What to do:
Skip any image you find and restate the rest of the data word for word.

= Beginning of Section =

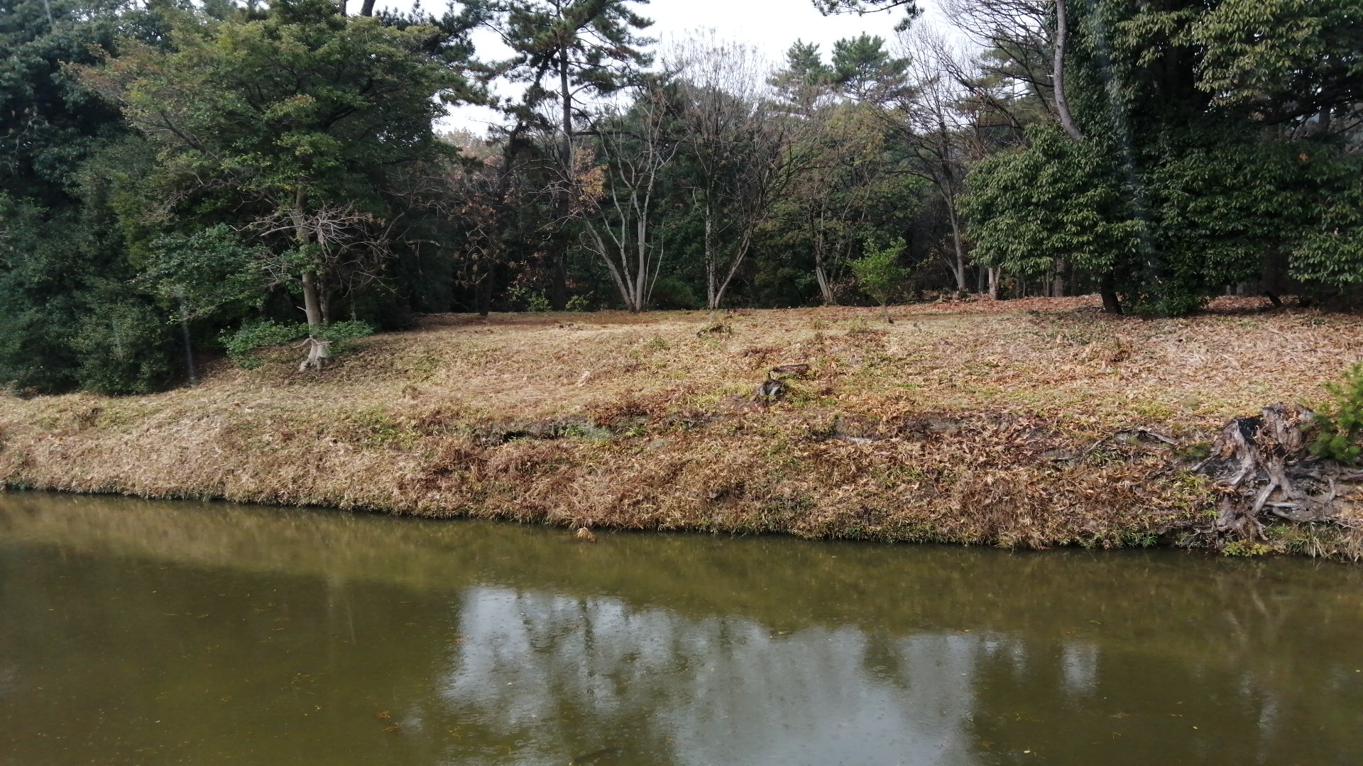 上から見るとお堀の中にも倍塚
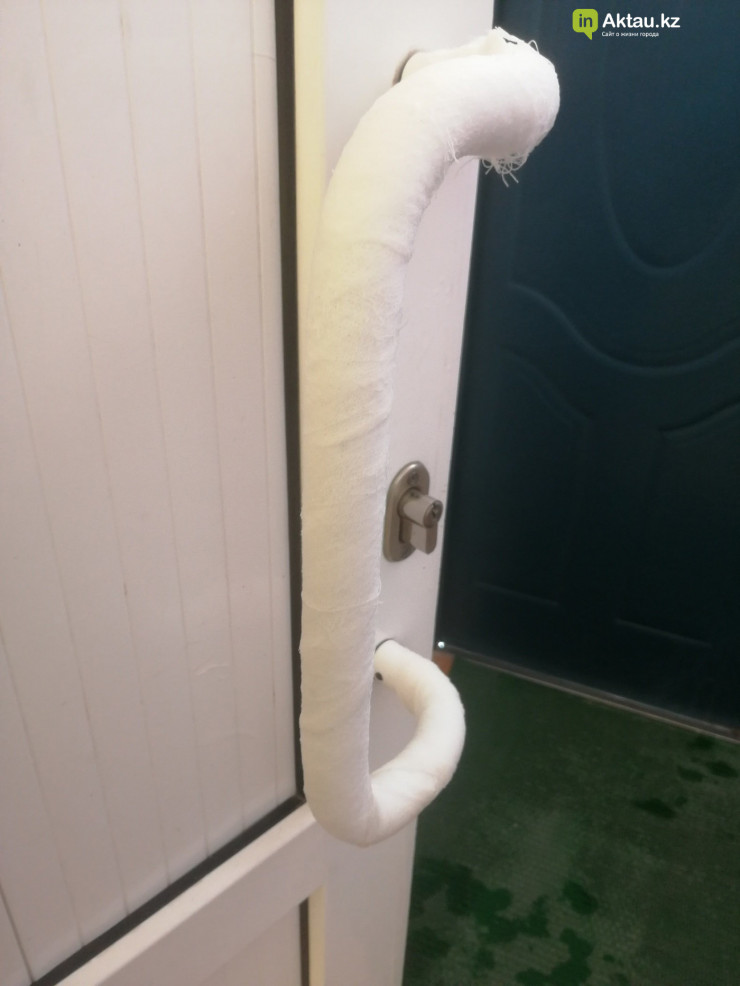 В одном из детских садов Актау придумали "ноу-хау" для борьбы с вирусами - все дверные ручки обмотали тряпками, смоченными в хлорке, сообщает инАктау.
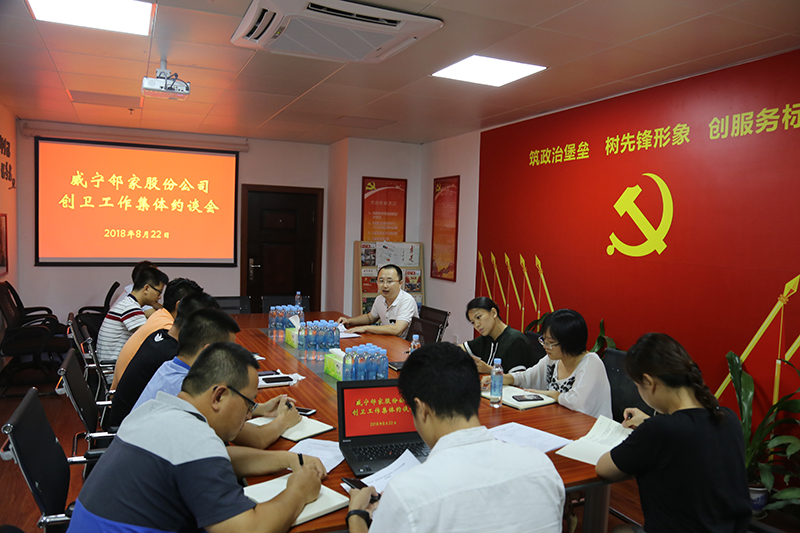 “本周为创卫迎检的最后冲刺阶段,现要求各部门从备战状态转到临战状态······”。2018年8月22日,南宁乐鱼(中国)邻家股份公司召开创卫工作集体约谈会,传达了创卫临战工作通知内容,通报了8月14-16日集团公司创卫复审督查组对邻家广场各项目创卫督查工作情况及处罚决定,并就下一步创卫工作进行部署。
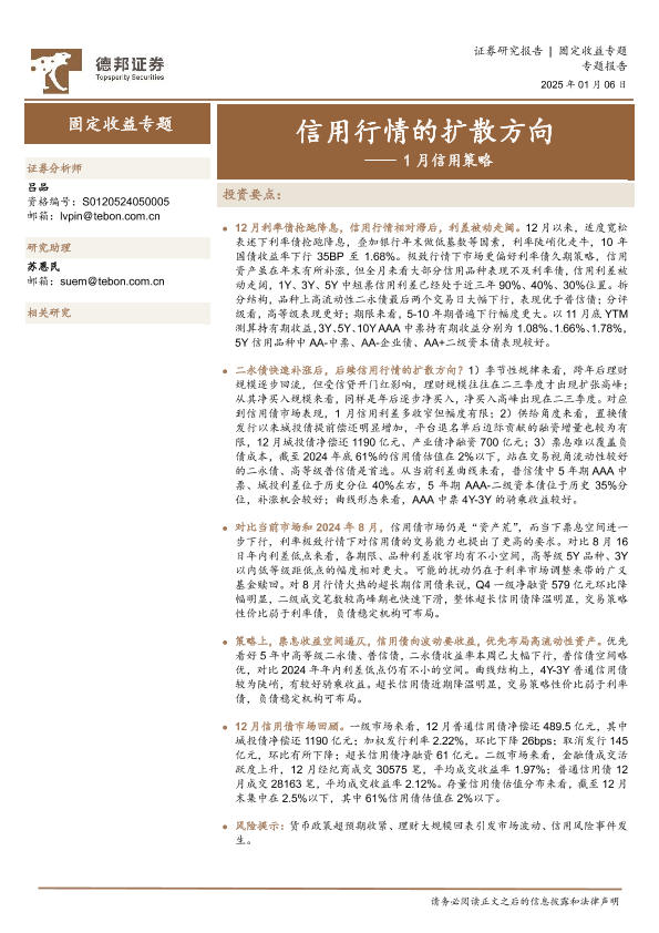 【德邦证券】【20250106】1月信用策略:信用行情的扩散方向-13页
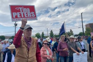 “One thing you have heard about Tina Peters is true,” said Cory Anderson, who heads the local chapter of the Election Integrity Project, which has been trying to use voter canvassing to prove fraud. “There was a before and after image taken of the Dominion system in clerk Peter’s office. I think we’ll be very glad that happened. Preserving the truth is important to discovering the truth.”
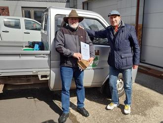 An seinem letzten Tag wurde Claus Wahl von Stadtbürgermeister Günther Jung im kleinen Kreis des Bauhofes verabschiedet. Stadtbürgermeister Günther Jung würdigte das Engagement von Claus Wahl und fasste die letzten 39 Jahre noch einmal kurz zusammen. Jung und Bauhofleiter Andreas Welsch bedankten sich bei Claus Wahl und überreichten ihm eine Urkunde, einen Essensgutschein sowie ein Weinpräsent. Im Ruhestand will sich Wahl vor allem seinen Hobbies widmen.
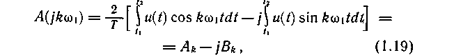 Воспользовавшись формулой Эйлера е - jkw t = coskw t - j sinkw t, выразим комплексный спектр A (jkw 1) в виде действительной и мнимой частей:
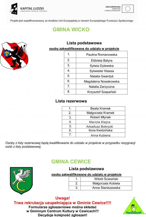 - Wyniki rekrutacji podstawowej w ramach projektu ,,Z edukacją za pan brat''
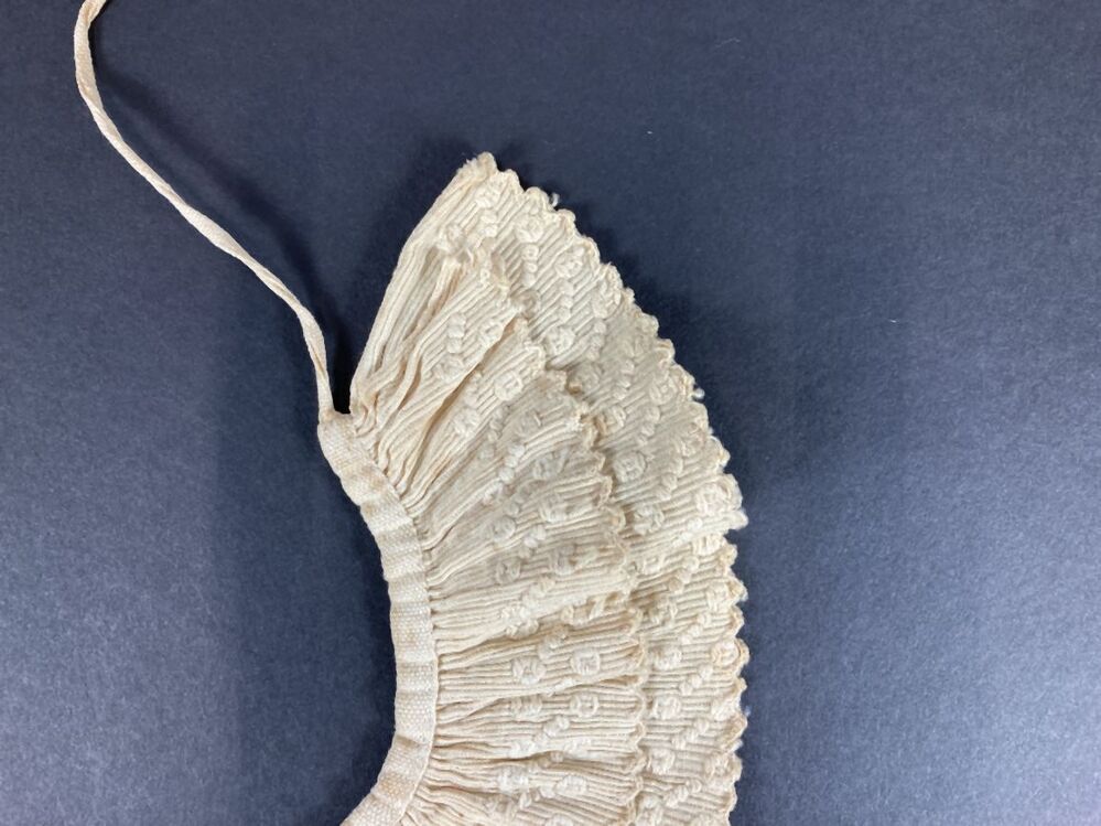 Ecru katoenen kraagje, gerimpeld aan de halsinzet, machinaal borduurwerk
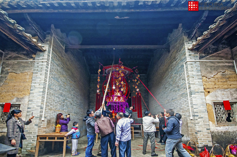 2018年正月十三拍攝于玉林市玉東區(qū)榕樓社區(qū)。傳宗接代、沿續(xù)香火是中國人厚重的傳統(tǒng)情結。而掛燈這一項民俗在位于嶺南的廣西玉林十分盛行。所謂掛燈,就是給在當年正月初十前出生(已滿月)的男孩子掛燈,以示這家添了男丁,增添了香火,后繼有人了。組照描述的是廣西玉林市玉東新區(qū)茂林鎮(zhèn)榕樓社區(qū)泉口屯的掛燈儀式。泉口屯掛燈時間為每年的正月十三。 新的花燈懸掛起來后,各家各戶立馬點火上香,擺上大黃雞茶水酒水等祭祀品,添丁的父母或爺輩們抱著各自的孩子進行祭拜,虔求神靈、社主公和祖宗的保佑,保佑自家新男丁聰明伶利、健康成長。[攝影:曾宜]
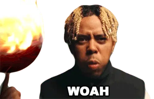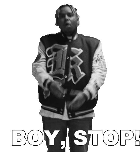 Ybn Cordae in a black and white sticker, gesturing to stop with the caption 'BOY, STOP!'.

= End of Section =

Written answer:
 上から見るとお堀の中にも倍塚
 В одном из детских садов Актау придумали "ноу-хау" для борьбы с вирусами - все дверные ручки обмотали тряпками, смоченными в хлорке, сообщает инАктау.
 “本周为创卫迎检的最后冲刺阶段,现要求各部门从备战状态转到临战状态······”。2018年8月22日,南宁乐鱼(中国)邻家股份公司召开创卫工作集体约谈会,传达了创卫临战工作通知内容,通报了8月14-16日集团公司创卫复审督查组对邻家广场各项目创卫督查工作情况及处罚决定,并就下一步创卫工作进行部署。
 【德邦证券】【20250106】1月信用策略:信用行情的扩散方向-13页
 “One thing you have heard about Tina Peters is true,” said Cory Anderson, who heads the local chapter of the Election Integrity Project, which has been trying to use voter canvassing to prove fraud. “There was a before and after image taken of the Dominion system in clerk Peter’s office. I think we’ll be very glad that happened. Preserving the truth is important to discovering the truth.”
 An seinem letzten Tag wurde Claus Wahl von Stadtbürgermeister Günther Jung im kleinen Kreis des Bauhofes verabschiedet. Stadtbürgermeister Günther Jung würdigte das Engagement von Claus Wahl und fasste die letzten 39 Jahre noch einmal kurz zusammen. Jung und Bauhofleiter Andreas Welsch bedankten sich bei Claus Wahl und überreichten ihm eine Urkunde, einen Essensgutschein sowie ein Weinpräsent. Im Ruhestand will sich Wahl vor allem seinen Hobbies widmen.
 Воспользовавшись формулой Эйлера е - jkw t = coskw t - j sinkw t, выразим комплексный спектр A (jkw 1) в виде действительной и мнимой частей:
 - Wyniki rekrutacji podstawowej w ramach projektu ,,Z edukacją za pan brat''
 Ecru katoenen kraagje, gerimpeld aan de halsinzet, machinaal borduurwerk
 2018年正月十三拍攝于玉林市玉東區(qū)榕樓社區(qū)。傳宗接代、沿續(xù)香火是中國人厚重的傳統(tǒng)情結。而掛燈這一項民俗在位于嶺南的廣西玉林十分盛行。所謂掛燈,就是給在當年正月初十前出生(已滿月)的男孩子掛燈,以示這家添了男丁,增添了香火,后繼有人了。組照描述的是廣西玉林市玉東新區(qū)茂林鎮(zhèn)榕樓社區(qū)泉口屯的掛燈儀式。泉口屯掛燈時間為每年的正月十三。 新的花燈懸掛起來后,各家各戶立馬點火上香,擺上大黃雞茶水酒水等祭祀品,添丁的父母或爺輩們抱著各自的孩子進行祭拜,虔求神靈、社主公和祖宗的保佑,保佑自家新男丁聰明伶利、健康成長。[攝影:曾宜]
 Ybn Cordae in a black and white sticker, gesturing to stop with the caption 'BOY, STOP!'.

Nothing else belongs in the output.